Back in early November (such a simple time!), I wrote a piece for Slate on political scientist Jonathan Rodden’s analysis of precinct-level voting patterns. Rodden, a professor at Stanford, showed that the familiar pattern of high-density Democratic areas and low-density Republican areas had been re-created, fractal-like, in the small towns and cities of the Rust Belt during Barack Obama’s presidential election in 2008.
These little-downtown voters, who helped Obama carry several swing states, were supposed to be irrelevant to the Democratic Party in 2016, as Chuck Schumer infamously said in July: “For every blue-collar Democrat we lose in western Pennsylvania, we will pick up two moderate Republicans in the suburbs in Philadelphia, and you can repeat that in Ohio and Illinois and Wisconsin.” After Wisconsin, Michigan, and Pennsylvania flipped for Trump on Nov. 8, it was easy to think that small-town Democrats had abandoned the party wholesale.
But it turns out Democrats didn’t lose those town cores in Pennsylvania and Ohio; in fact, as Rodden showed with new data this week in the Washington Post, the correlation between living downtown and voting Democrat was (relative to nearby rural areas) just as strong in this presidential election as in its predecessors. Red counties weren’t homogenous before, and they’re not homogenous now.

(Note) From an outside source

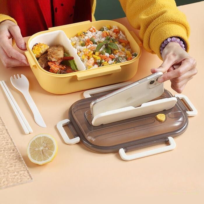 Praktický design umožňuje oddělení jídel, takže zůstanou čerstvá a chutná. Vestavěný úložný prostor na příbory nabízí hygienické a pohodlné řešení, které zároveň slouží jako stojánek na telefon, takže si během jídla můžete užívat své oblíbené obsah. -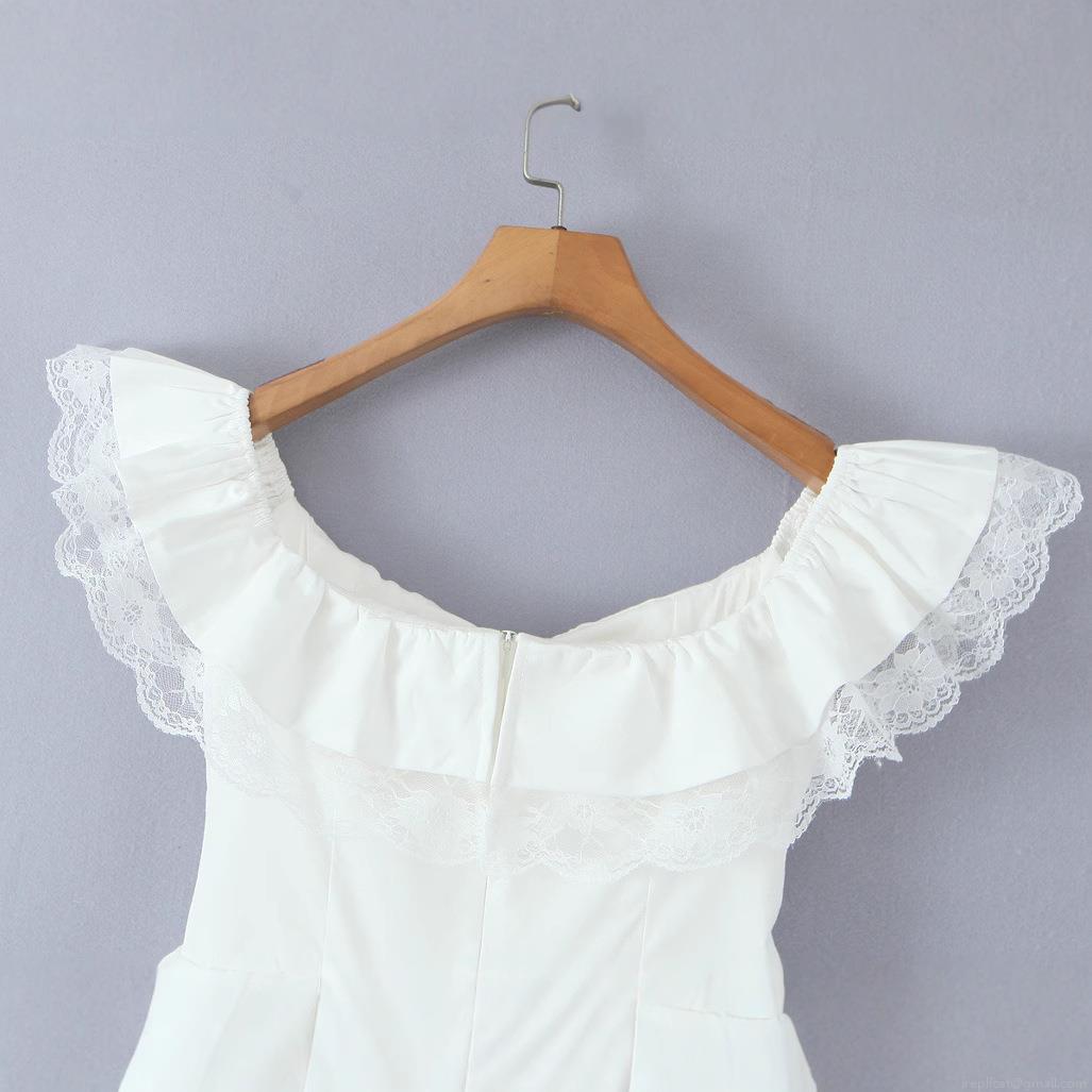 • Women's Off-Shoulder Lace Trim Mini Dress Sweet Butterfly Bowknot Sleeveless A-Line Dress French Style Summer Party Clubwear

Rodden thinks this trend rebuts a common cultural trope about small-town America: “A popular claim is that Trump’s populist anti-trade rhetoric resonated most in postindustrial towns with severe job losses,” he writes in the Post. “If so, we might expect that these towns suddenly started to vote more like their neighboring Republican precincts, with the graphs flattening in 2016.”
In fact, his graphs show two things: First, Clinton did worse across the board in all these counties than Al Gore, John Kerry, and Obama (both times). Second, her returns mirrored almost exactly the existing correlation between population density and politics. People who lived closer to downtown were still more likely to vote Dem.
I’m not sure Rodden is right to characterize the downtowns of Ashtabula, Ohio, and Muncie, Indiana, (among other places) as more stung by industrial job loss than their outskirts. They were once. But John Updike’s America, where Harry Angstrom could take the bus home from his job as a linotype operator, is a long time gone. Manufacturing work has taken place outside of downtown for many decades. The top four small metro areas for job sprawl, according to a 2009 Brookings analysis, were all post-industrial Northeast cities: Poughkeepsie, New York; Scranton and Wilkes-Barre in Pennsylvania; Youngstown, Ohio; and Worcester, Massachusetts. In Scranton/Wilkes-Barre, for example, more than half of all jobs are more than 10 miles from the two cities’ downtowns. That’s not new. So when the plant closes, it shouldn’t burn downtown voters more than others.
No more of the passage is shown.